Guaranty Funds and Other Insurance Assessments
As part of its risk management strategy, the Company regularly monitors the financial wherewithal of other insurers and, in particular,
activity by insurance regulators and various state guaranty associations relating to troubled insurers. In all states, insurers licensed to
transact certain classes of insurance are required to become members of a guaranty fund. In most states, in the event of the insolvency of
an insurer writing any such class of insurance in the state, members of the funds are assessed to pay certain claims of the insolvent
insurer. A particular state's fund assesses its members based on their respective written premiums in the state for the classes of insurance
in which the insolvent insurer was engaged. Assessments are generally limited for any year to one or two percent of the premiums
written per year depending on the state. The amount and timing of assessments related to past insolvencies is unpredictable.
Citizens Property Insurance Corporation in Florida (“Citizens”), a non-affiliate insurer, provides property insurance to Florida
homeowners and businesses that are unable to obtain insurance from other carriers, including for properties deemed to be “high risk.”
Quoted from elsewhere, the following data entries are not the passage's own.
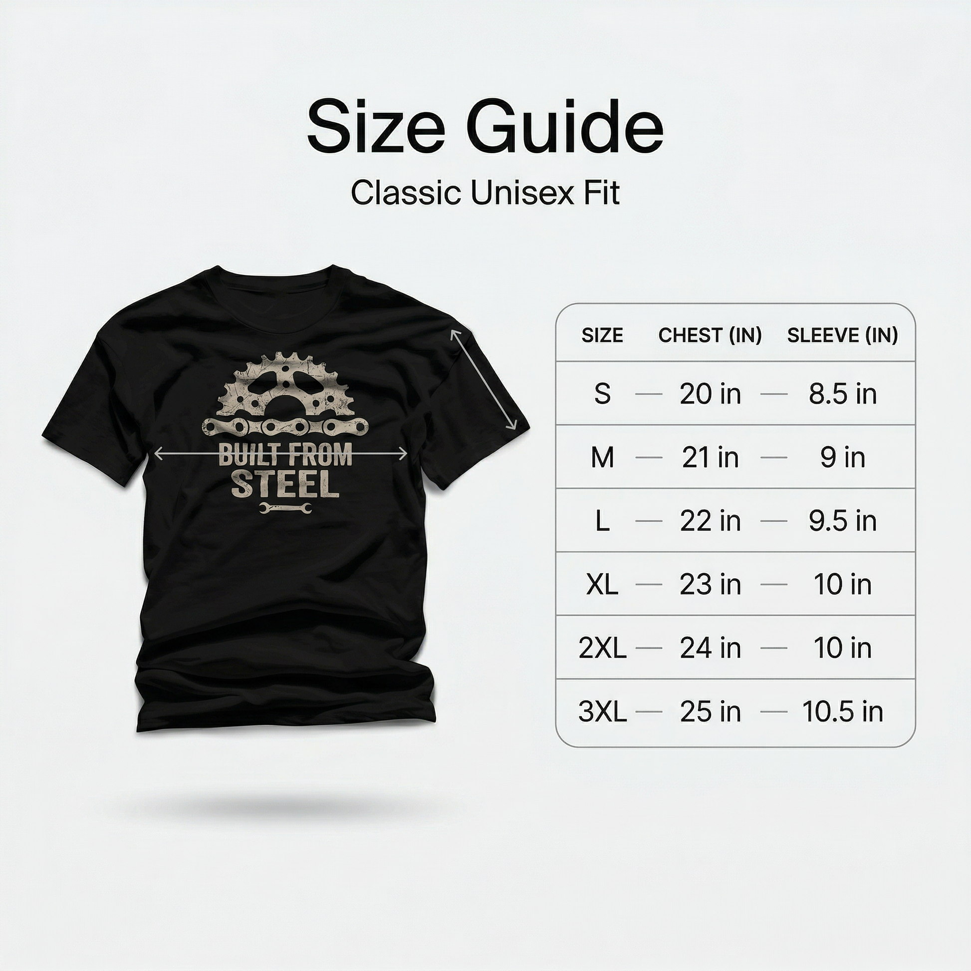 - Bold "Built From Steel" slogan – statement print for tough spirits
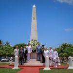 Como parte de la ceremonia, el gobernador Rocha y el almirante Abarca, encabezaron la guardia de honor y colocación de ofrenda floral en el Monumento al Marino Caído, junto con las demás autoridades invitadas, mientras la Banda de Guerra de la Escuela Náutica Mercante de Mazatlán, entonó marcialmente el Toque de Silencio.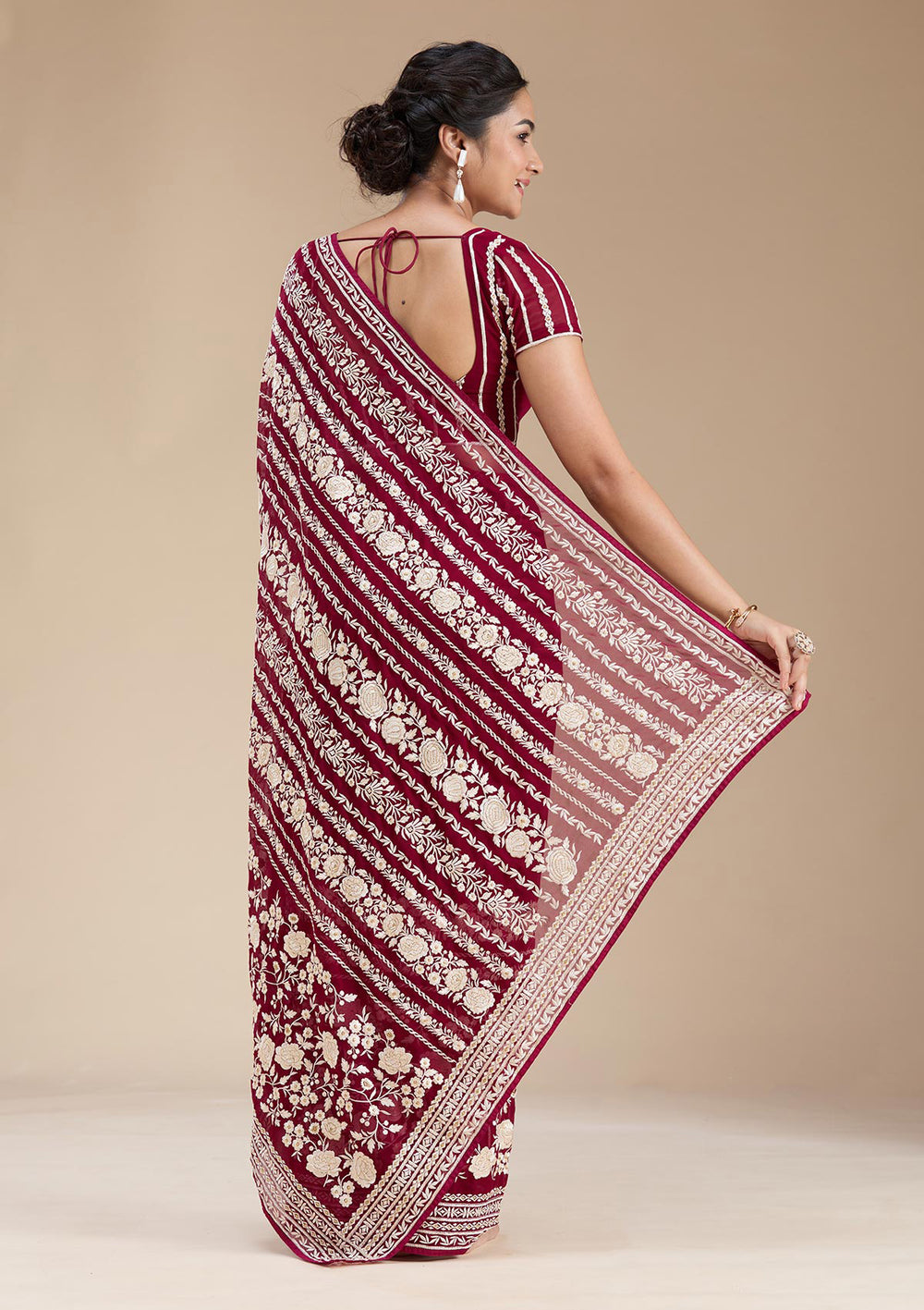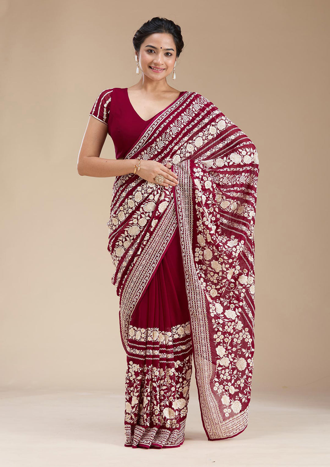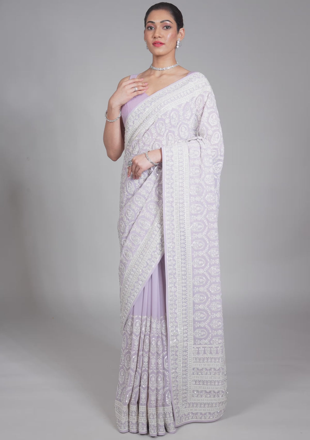 | Peacock Blue Threadwork Georgette Saree | ₹ 5,192 | |

Citizens maintains a Personal Lines account, a Commercial Lines account and a High Risk account. If Citizens incurs a deficit in any of
these accounts, Citizens may impose a “regular assessment” on other insurance carriers in the state, such as the Company, to fund the
deficits, subject to certain restrictions and subject to approval by the Florida Office of Insurance Regulation. Carriers are then permitted
to surcharge policyholders to recover the assessments over the next few years. Citizens may also opt to finance a portion of the deficits
through issuing bonds and may impose “emergency assessments” on other insurance carriers to fund the bond repayments. Unlike with
regular assessments, however, insurance carriers only serve as a collection agent for emergency assessments and are not required to
remit surcharges for emergency assessments to Citizens until they collect surcharges from policyholders. Under U.S. GAAP, the
Company is required to accrue for regular assessments in the period the assessments become probable and estimable and the obligating
event has occurred. Surcharges to recover the amount of regular assessments may not be recorded as an asset until the related premium is
written. Emergency assessments that may be levied by Citizens are not recorded in the income statement.